No matter what model vehicle you own, current standards dictate that the OBD2 connector port cannot be further than three feet from the driver and cannot be covered by any plate that requires tools to remove.
Finding the right OBD2 scan tool for your vehicle
Home mechanics and specialists alike today have access to OBD2 scan tools. You can even pick one up at most auto parts stores. Because the OBD2 standards are widely adopted, you will likely be able to use an OBD2 scan tool on your vehicle. As long as the scan tool was manufactured since 1996, it should be compatible with your vehicle’s OBD2 connector port.
What you need to know when you perform your OBD2 test
OBD2 tests are one of the best ways for you to acquire legible data regarding your vehicle’s performance. OBD2 output this information in a variety of methods, including freeze frame data and diagnostic trouble codes (DTC).
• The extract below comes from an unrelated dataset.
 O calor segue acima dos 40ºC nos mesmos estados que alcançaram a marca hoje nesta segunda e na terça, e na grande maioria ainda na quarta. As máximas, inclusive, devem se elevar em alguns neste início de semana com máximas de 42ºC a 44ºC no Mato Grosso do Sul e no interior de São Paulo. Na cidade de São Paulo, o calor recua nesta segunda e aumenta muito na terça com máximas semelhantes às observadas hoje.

While these codes can be interpreted using manufacturer-specific listings online, you may need to consult with a specialist in order to act upon this information.
OBD2 tests generally output “unseen” information regarding your car’s performance when an error occurred, including coolant temperature and engine load. In order to acquire some of this information, you may need to input a PID (Parameter ID) into your testing device to acquire a specific piece of information.
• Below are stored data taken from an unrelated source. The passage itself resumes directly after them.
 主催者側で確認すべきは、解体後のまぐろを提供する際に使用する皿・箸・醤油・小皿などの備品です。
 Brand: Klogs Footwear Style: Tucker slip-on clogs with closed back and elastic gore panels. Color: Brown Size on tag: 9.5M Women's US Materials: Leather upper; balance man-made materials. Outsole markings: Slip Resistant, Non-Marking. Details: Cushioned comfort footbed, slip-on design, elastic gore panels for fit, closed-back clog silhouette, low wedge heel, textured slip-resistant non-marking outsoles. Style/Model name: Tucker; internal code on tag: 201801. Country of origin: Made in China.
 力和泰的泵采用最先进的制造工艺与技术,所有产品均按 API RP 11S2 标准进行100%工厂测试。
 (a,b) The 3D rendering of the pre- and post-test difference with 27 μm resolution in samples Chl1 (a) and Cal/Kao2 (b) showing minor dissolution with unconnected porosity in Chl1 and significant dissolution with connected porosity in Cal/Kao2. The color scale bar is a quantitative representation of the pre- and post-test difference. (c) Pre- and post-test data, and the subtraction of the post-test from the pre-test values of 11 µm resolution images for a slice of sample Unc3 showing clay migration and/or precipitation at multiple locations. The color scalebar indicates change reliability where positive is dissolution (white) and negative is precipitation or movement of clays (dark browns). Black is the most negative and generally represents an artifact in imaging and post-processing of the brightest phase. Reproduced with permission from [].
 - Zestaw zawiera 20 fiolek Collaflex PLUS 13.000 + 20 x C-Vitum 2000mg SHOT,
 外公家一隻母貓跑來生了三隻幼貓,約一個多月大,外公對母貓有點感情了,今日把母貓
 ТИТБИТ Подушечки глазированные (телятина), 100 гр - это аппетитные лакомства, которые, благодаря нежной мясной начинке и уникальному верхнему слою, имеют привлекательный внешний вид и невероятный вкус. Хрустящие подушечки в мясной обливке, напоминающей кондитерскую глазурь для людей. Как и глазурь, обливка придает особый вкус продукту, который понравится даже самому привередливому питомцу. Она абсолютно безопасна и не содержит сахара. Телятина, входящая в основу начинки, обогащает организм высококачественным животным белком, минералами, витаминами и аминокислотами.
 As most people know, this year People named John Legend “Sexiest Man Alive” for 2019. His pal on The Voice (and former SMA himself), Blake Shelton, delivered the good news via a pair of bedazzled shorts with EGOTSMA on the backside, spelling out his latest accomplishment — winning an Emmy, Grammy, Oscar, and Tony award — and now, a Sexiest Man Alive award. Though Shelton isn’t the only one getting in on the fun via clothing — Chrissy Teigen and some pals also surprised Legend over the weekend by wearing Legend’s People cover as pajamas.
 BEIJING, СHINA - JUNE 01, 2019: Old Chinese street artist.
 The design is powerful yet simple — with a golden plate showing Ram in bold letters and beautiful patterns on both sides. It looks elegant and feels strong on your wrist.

OBD2 protocols differ from vehicle to vehicle, but they uniformly act as the language through which your vehicle outputs information regarding its own performance. Now that you’ve learned about the different OBD2 protocol types, as well as how to identify your vehicle’s specific protocol type, you’ll be able to run OBD2 tests with ease. As a result, you’ll be better prepared to diagnose any vehicle problem that arises with ease.